In particular, Marine officers need to be able to operate far from the “flagpole” and to not only locate and close with the adversary on land, but also conduct maritime maneuvers on contested waterways in support of the Navy. Moreover, there needs to be more emphasis on what will be required for reaching the first and second island chains in the Indo-Pacific. This battlespace is fundamentally different from the picture being painted at TBS.
Recommendations
There are obvious constraints to changing training while doctrine and strategy are still developing. However, after comparing the learning objectives at TBS to Force Design 2030, perhaps there is room to expand or restructure the curriculum. The British Royal Marines, for example, conduct five phases of training over 16 months to develop their officers to lead commando units.4 An entire phase is dedicated to understanding the British Army’s and Royal Navy’s capabilities. A similar phase might ensure Marine officers have a foundational understanding of how the Marine Corps operates in support of and as part of the Navy.
An alternative could be to have students at TBS complete ancillary coursework remotely online. COVID-19 forced many courses to go virtual; why not leverage this capability and have a phase completed virtually as a prerequisite for officers to report or graduate? This would alleviate weeks of administrative tasks and foundational coursework and allow TBS more time to get in-depth with self-sustainment training or maritime and naval operations within the same timeframe.

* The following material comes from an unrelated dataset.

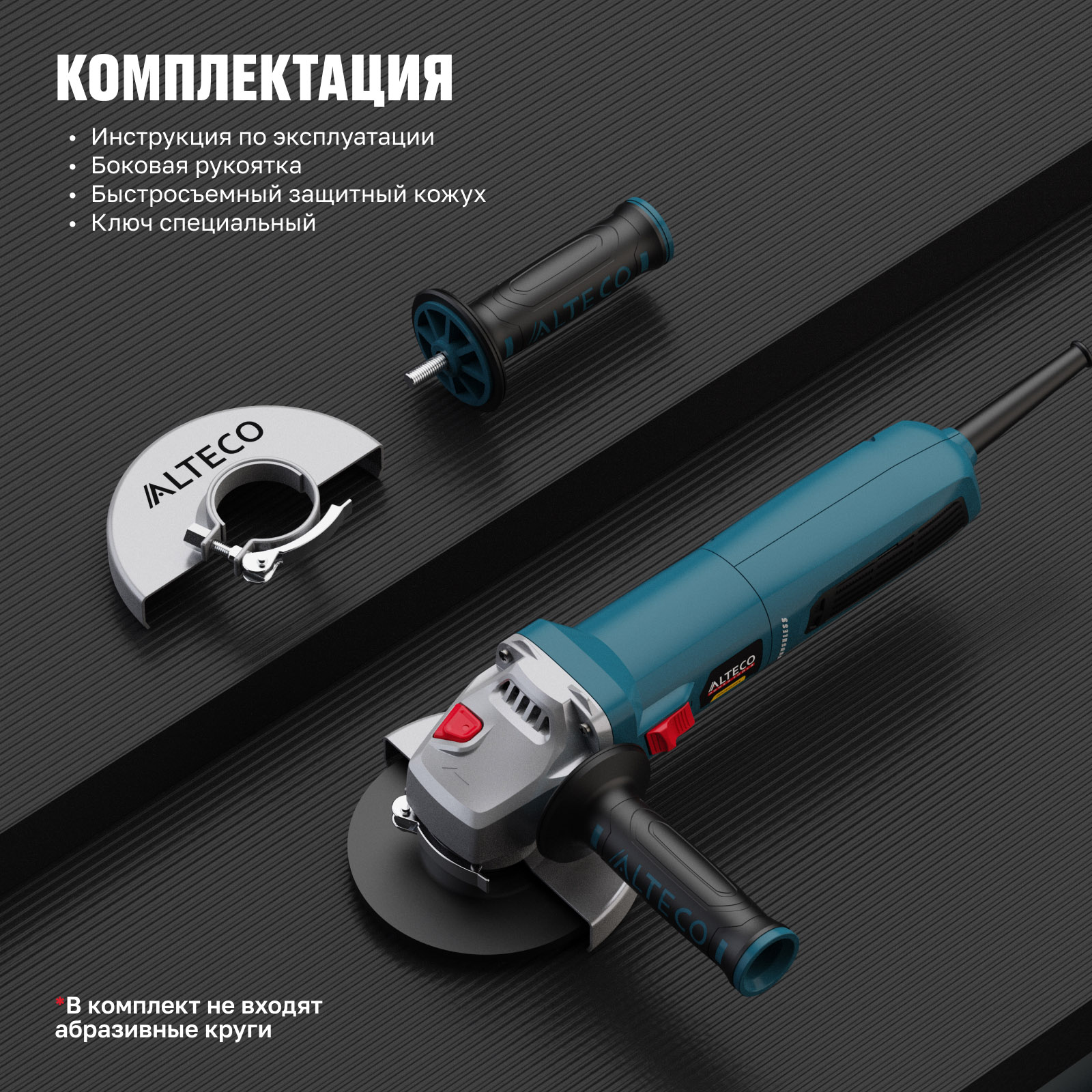 - Быстросъемный защитный кожух — надёжно защищает от искр и абразивных частиц, легко регулируется без инструмента.

Or the service could offer a follow-on school to teach junior officers distributed maritime operations before they go to their units or primary military occupational specialty (MOS) schools. Bottom line, TBS needs more emphasis on naval capabilities to align with Force Design 2030, so lieutenants understand these capabilities before reaching their first units.
The Marine Corps is moving fast to adjust to a new era of warfighting, and many changes are occurring within the force—deactivation of tank battalions, for example. However, once the future composition of the Marine Corps is determined, training, specifically for junior officers, must be modified to position them to lead under Force Design 2030. Officers of all MOSs will need to understand how they fit in distributed maritime operations, independently operate on board vessels, coordinate organic long-range precision fires, conduct intelligence and reconnaissance, and incorporate nontraditional MOSs in their main effort.
TBS must train for a battlefield that no longer solely requires infantry-centric attacks in the forests and deserts.
1. Gen David H. Berger, USMC, “Notes on Designing the Marine Corps of the Future,” War on the Rocks, 5 December 2019.
2. David Laszcz and James Camp, “Two Small-Unit Leaders Respond to the Marine Commandant’s Notes,” War on the Rocks, 29 January 2020.
3. Joseph Trevithick, “Marines Corps Eyes Man-Portable Suicide Drones to Blast Targets on Land and at Sea,” The War Zone, 24 April 2018.
4. British Royal Marines, “What’s the Training Like?”